Images from the Wild Faces Database (Long, Peluso et al., 2023)
Facial Behaviour & Social Cognition
Understanding Human Social Cognition Using Naturalistic Facial Behaviour
Faces are mesmerising sources of social information; from facial movements we are able to recognise an incredible variety of signals, combining them in context to infer what someone is thinking or feeling. Yet our current understanding has been shaped by the use of posed images of emotional expressions, curated to represent discrete, universally-recognised categories such as 'happy', 'sad', and 'angry'.
My colleagues and I suggest this approach overly-simplifies the rich and complex variation in face behaviour we experience outside the lab — indeed, there may be more salient emotional information in non-posed naturalistic faces (Peluso et al., 2025, Emotion) which is perceived as more genuine (Long, Peluso et al., 2023, Nature Scientific Reports).
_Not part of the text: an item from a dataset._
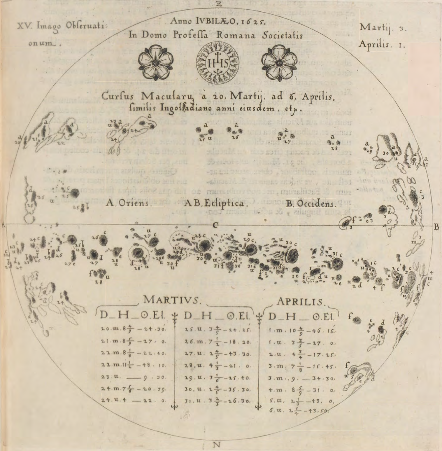 Christoph Scheiner made detailed sketches of sunspots starting in 1611; this example is from 1625. Credit: Courtesy of The Linda Hall Library of Science, Engineering & Technology

To further understand how real-world faces communicate social information, this project seeks to identify the key characteristics underlying our mental representations of both static and dynamic 'wild' facial expressions, by combining non-biased, data-driven behavioural tasks with theory-derived representational properties and computational models (such as representational similarity analysis and multidimensional scaling).
Together, we seek to develop more ecologically valid methods to bridge what we know about faces in the lab with how we perceive faces in the real world.